Adapters are synthetic sequences attached to the biological read fragments during library preparation. These adapters contain crucial barcoding information, forward/reverse primers and sequences needed to bind to flowcell during the bridge amplification step of Illumina sequencing. In short read sequencing, if the DNA insert/fragment (biological sequence of interest) is shorter than the number of bases sequenced (cycles), the machine will also sequence into the 3' adapter. Thus, it is considered good practice to remove these artificial reads prior to alignment. Also, note that there is a discussion going on in the bioinformatics community in which situations is adapter trimming actually required !!

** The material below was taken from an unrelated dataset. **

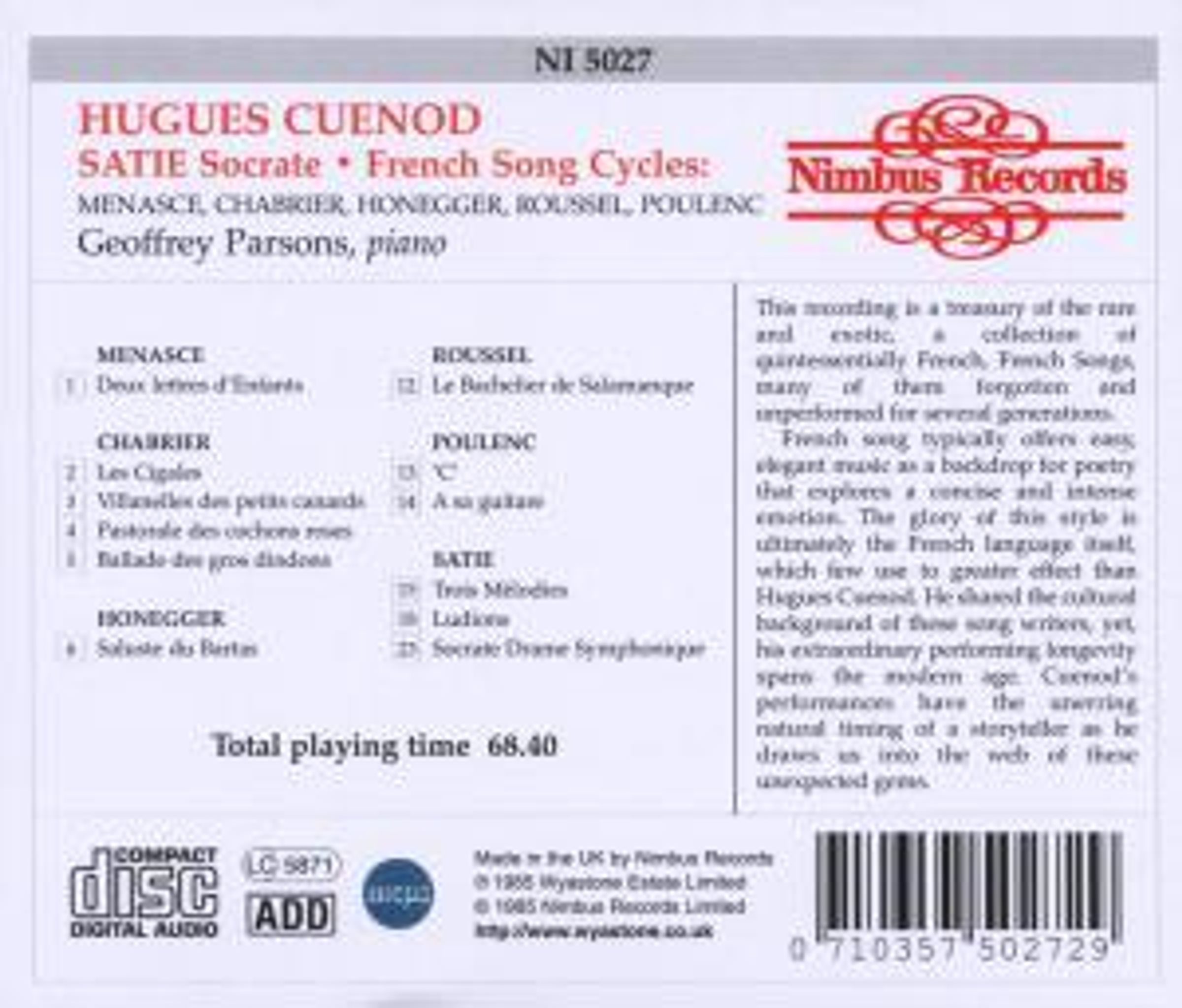 Französische Lieder bieten typischerweise leichte, elegante Musik als Hintergrund für Poesie, die eine prägnante und intensive Emotion erforscht. Der Ruhm dieses Stils ist letztlich die französische Sprache selbst, die nur wenige so wirkungsvoll einsetzen wie Hugues Cuenod.

There are many well established tools for adapter trimming like Trimmomatic, Cudadapt and Trim Galore!, we will use TrimGalore! which can automatically detect contaminating adapters in single end and paired end data.

Trimming

Let's try Trimming only on those fastq files that showed significant adaptor contamination and/or overrepresented sequences. If your have carefully analyzed the FastQC reports from the previous section you will note that only the CTCF ChIPseq samples require trimming.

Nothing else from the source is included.